►

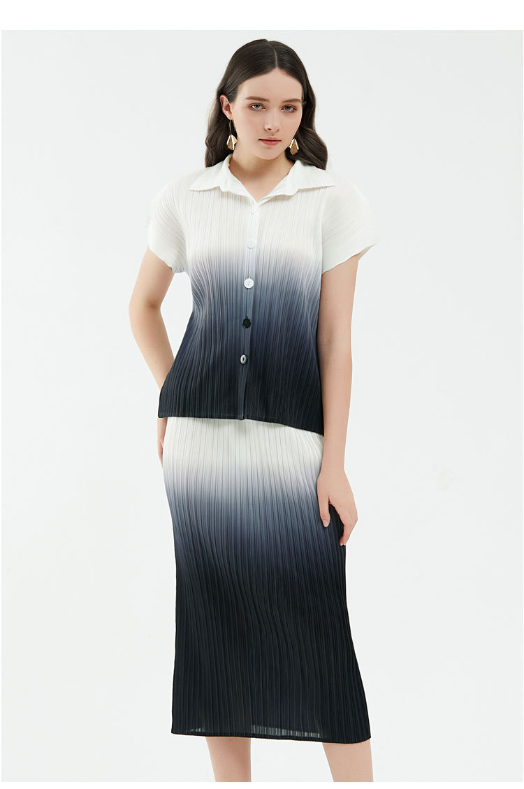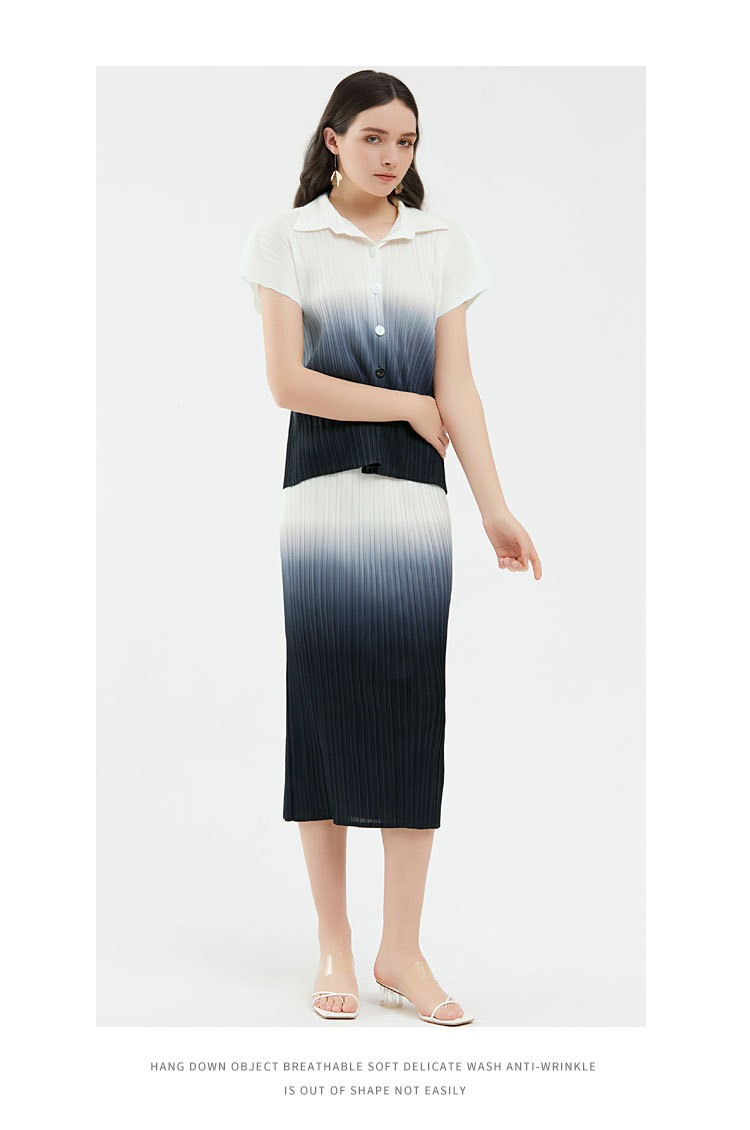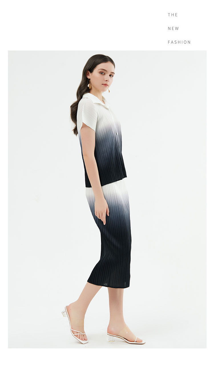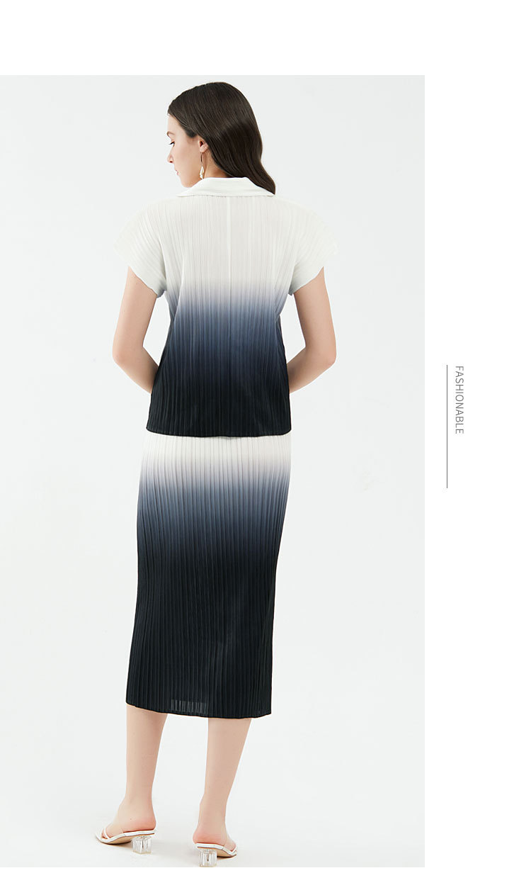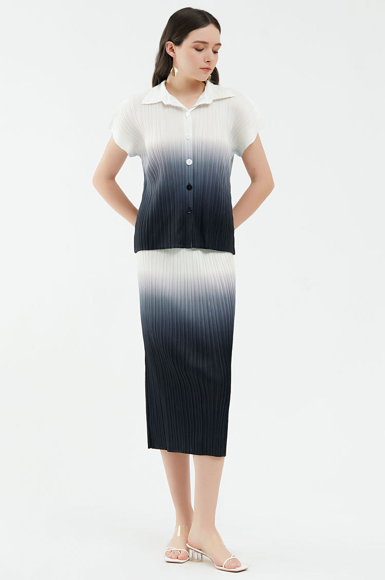 Bộ trang phục hai mảnh này gồm áo và chân váy, mang phong cách nhẹ nhàng phù hợp cho mùa hè. Áo có thiết kế độc đáo với hiệu ứng chuyển màu nhẹ nhàng từ trên xuống dưới. Chân váy dáng chữ A ôm vừa vặn ở eo và xòe nhẹ ở gấu, tôn lên vẻ duyên dáng. Chất vải mềm mại, thoáng mát giúp người mặc dễ chịu trong ngày nóng. Có thể mặc đi làm, dạo phố hay dự các buổi gặp mặt thông thường. Phối cùng dép mỏng hoặc giày thể thao đều phù hợp. | Tên sản phẩm: Đồ Bộ Nữ Cả Bộ 2 Món Hàng Mùa Hè - Thời Trang Nữ | Mã sản phẩm: G6212 - Giá: 1.250.000đ | Mã nhà sản xuất: DODG-G04Hình ảnh sản phẩm
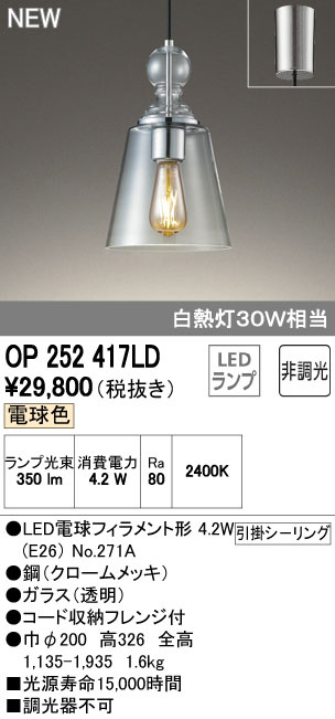 ODELIC ¥ª¡¼¥Ç¥ê¥Ã¥¯ ¥Ú¥ó¥À¥ó¥È¥é¥¤¥È OP252417LD
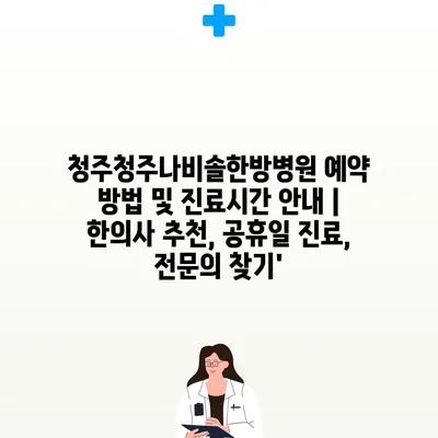 청주청주나비솔한방병원 예약 방법 및 진료시간 공지 | 한의사 추천, 공휴일 진료, 전연락 찾기
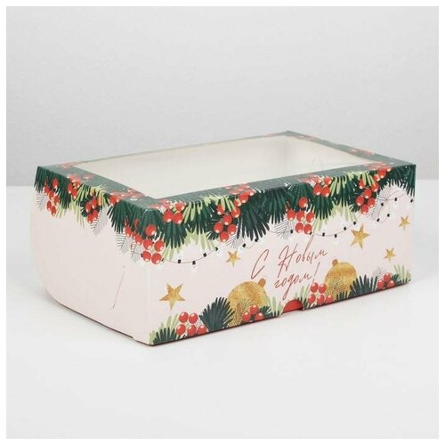 Коробка для капкейков "Новогодний подарок" 17x25x10см
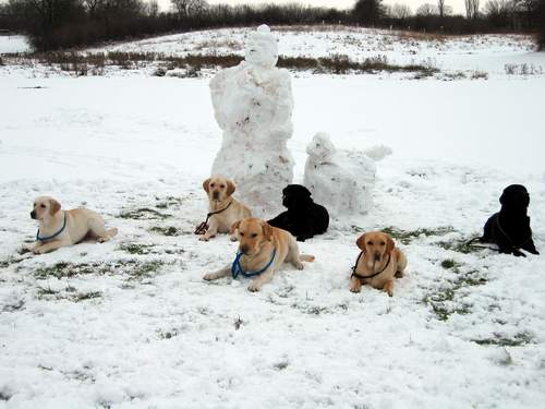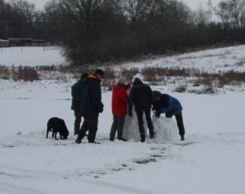 Gemeinsamer Bau eines Schneemanns.
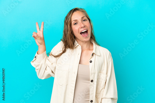 Young caucasian woman isolated on blue background smiling and showing victory sign
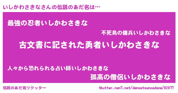 | 意味不明あだ名 | 『住所不定無職いしかわさきな(85歳)』 |
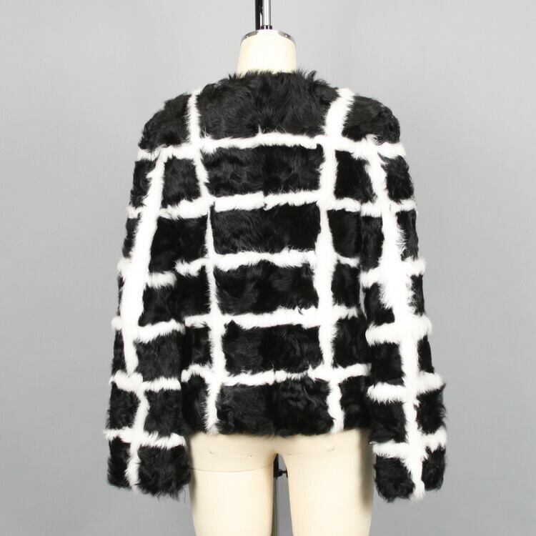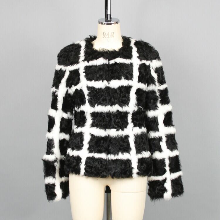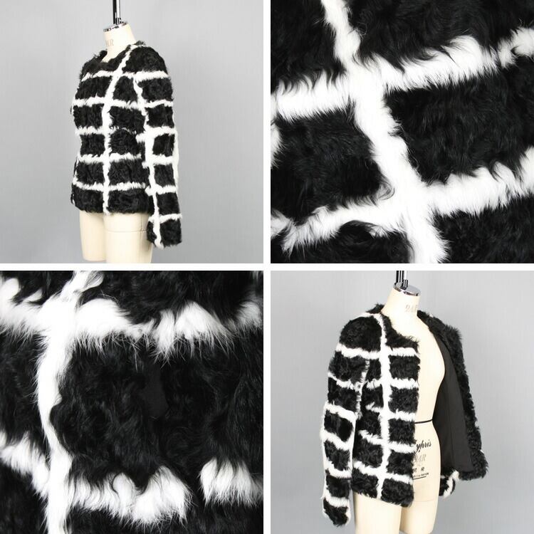 母の日 / ギフト / プレゼント / 黒と白の格子模様を鮮やかなカルガンラムで表現。個性的なノーカラーデザインのファージャケットです。上質なカルガンラムはクルクルとした見た目が可愛らしく、尚且つ、シルキーで光沢があり高級感があります。

◄

Each line of the listing above should be retyped exactly, with no pictures.

SOLVED PROBLEM:
 Bộ trang phục hai mảnh này gồm áo và chân váy, mang phong cách nhẹ nhàng phù hợp cho mùa hè. Áo có thiết kế độc đáo với hiệu ứng chuyển màu nhẹ nhàng từ trên xuống dưới. Chân váy dáng chữ A ôm vừa vặn ở eo và xòe nhẹ ở gấu, tôn lên vẻ duyên dáng. Chất vải mềm mại, thoáng mát giúp người mặc dễ chịu trong ngày nóng. Có thể mặc đi làm, dạo phố hay dự các buổi gặp mặt thông thường. Phối cùng dép mỏng hoặc giày thể thao đều phù hợp. | Tên sản phẩm: Đồ Bộ Nữ Cả Bộ 2 Món Hàng Mùa Hè - Thời Trang Nữ | Mã sản phẩm: G6212 - Giá: 1.250.000đ | Mã nhà sản xuất: DODG-G04Hình ảnh sản phẩm
 ODELIC ¥ª¡¼¥Ç¥ê¥Ã¥¯ ¥Ú¥ó¥À¥ó¥È¥é¥¤¥È OP252417LD
 청주청주나비솔한방병원 예약 방법 및 진료시간 공지 | 한의사 추천, 공휴일 진료, 전연락 찾기
 Коробка для капкейков "Новогодний подарок" 17x25x10см
 Gemeinsamer Bau eines Schneemanns.
 Young caucasian woman isolated on blue background smiling and showing victory sign
 | 意味不明あだ名 | 『住所不定無職いしかわさきな(85歳)』 |
 母の日 / ギフト / プレゼント / 黒と白の格子模様を鮮やかなカルガンラムで表現。個性的なノーカラーデザインのファージャケットです。上質なカルガンラムはクルクルとした見た目が可愛らしく、尚且つ、シルキーで光沢があり高級感があります。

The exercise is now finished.